Although median Snellen acuity equivalents were better than 20/20 in both groups, RNFL thickness was reduced significantly among eyes of MS patients (92 mum) versus controls (105 mum) (P<0.001) and particularly was reduced in MS ON eyes (85 mum; P<0.001; accounting for age and adjusting for within-patient intereye correlations).
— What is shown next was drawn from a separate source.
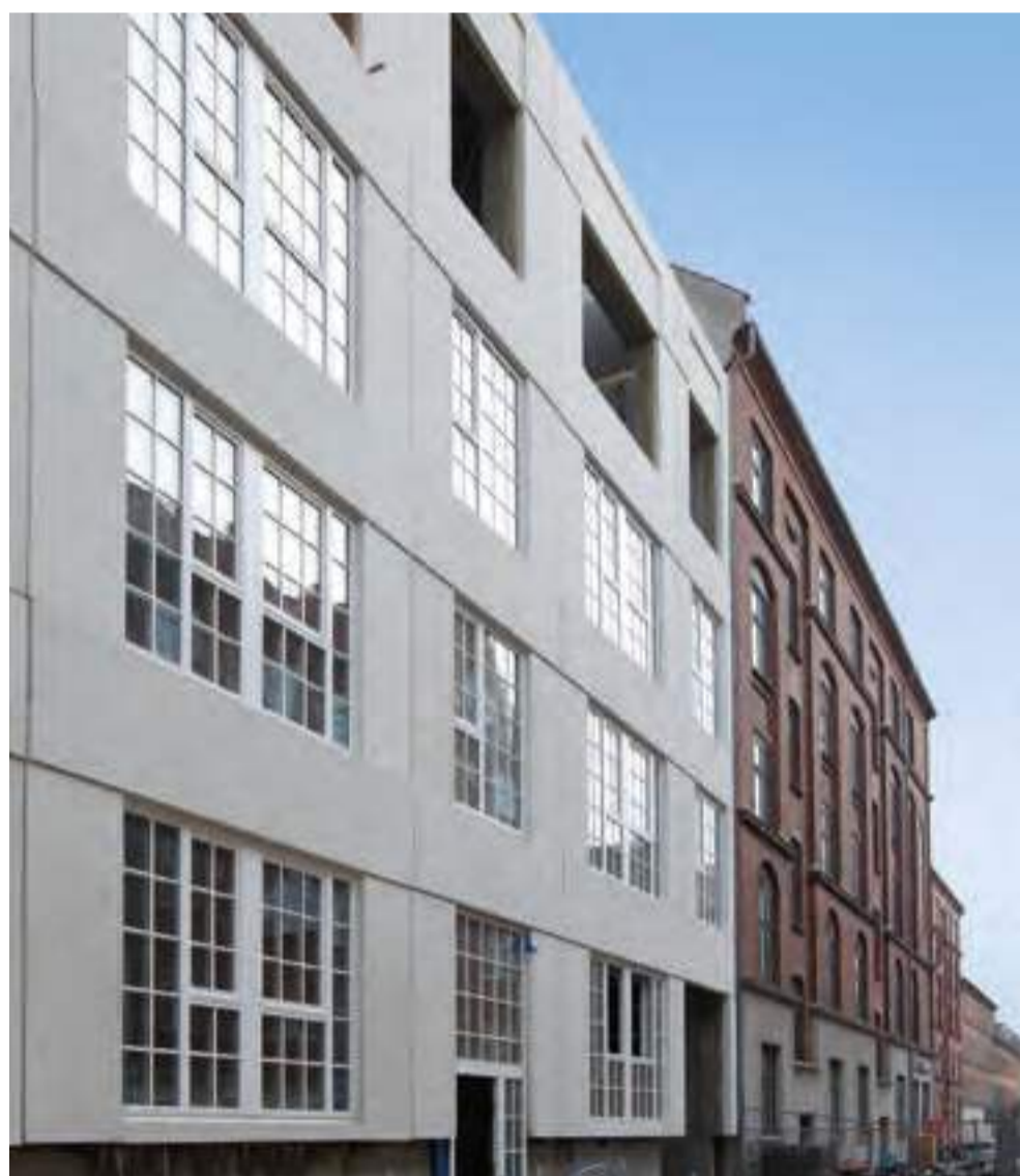
Udfyldningslejligheder. Factory House, liebhaverlejligheder i new-yorker-stil med have på taget.

Betonelement · dalton · EXPAN · EXPAN Montage · EXPAN Villa · ModulBad

Lower visual function scores were associated with reduced average overall RNFL thickness in MS eyes; for every 1-line decrease in low-contrast letter acuity or contrast sensitivity score, the mean RNFL thickness decreased by 4 mum.

CONCLUSIONS

Scores for low-contrast letter acuity and contrast sensitivity correlate well with RNFL thickness as a structural biomarker, supporting validity for these visual function tests as secondary clinical outcome measures for MS trials. These results also suggest a role for ocular imaging techniques such as OCT in trials that examine neuroprotective and other disease-modifying therapies. Although eyes with a history of acute optic neuritis demonstrate the greatest reductions in RNFL thickness, MS non-ON eyes have less RNFL thickness than controls, suggesting the occurrence of chronic axonal loss separate from acute attacks in MS patients.

摘要

目的

研究视功能与视网膜神经纤维层(RNFL)厚度之间的关系,将其作为多发性硬化症(MS)轴突损失的一种结构生物标志物,并比较有急性视神经炎病史的MS患者眼(MS ON眼)、无视神经炎病史的MS患者眼(MS非ON眼)和无病对照眼之间的RNFL厚度。

设计

横断面研究。

参与者

MS患者(n = 90;180只眼)和无病对照者(n = 36;72只眼)。

方法

使用光学相干断层扫描(OCT;快速RNFL厚度软件协议)测量视网膜神经纤维层厚度。在OCT扫描前,对每只眼及双眼进行视力测试,采用先前已证明可检测MS患者功能障碍的指标:(1)低对比度字母视力(Sloan视力表,2米处对比度为2.5%和1.25%)和(2)对比敏感度(1米处Pelli-Robson视力表)。还测量了视力(3.2米处视网膜反光早期治疗糖尿病性视网膜病变视力表),并进行了验光。

主要观察指标

通过OCT测量的视网膜神经纤维层厚度和视功能测试结果。

结果

尽管两组的Snellen视力等效值中位数均优于20/20,但MS患者眼(92μm)的RNFL厚度明显低于对照组(105μm)(P<0.001),尤其是MS ON眼(85μm;P<0.001;考虑年龄并对患者眼内相关性进行校正)。较低的视功能评分与MS患者眼中平均总体RNFL厚度降低相关;低对比度字母视力或对比敏感度评分每降低1行,平均RNFL厚度降低4μm。

结论

低对比度字母视力和对比敏感度评分与作为结构生物标志物的RNFL厚度密切相关,支持这些视功能测试作为MS试验次要临床结局指标的有效性。这些结果还表明,在研究神经保护和其他疾病修饰疗法的试验中,OCT等眼部成像技术具有一定作用。尽管有急性视神经炎病史的眼RNFL厚度降低最为明显,但MS非ON眼的RNFL厚度低于对照组,这表明MS患者中存在与急性发作无关的慢性轴突损失。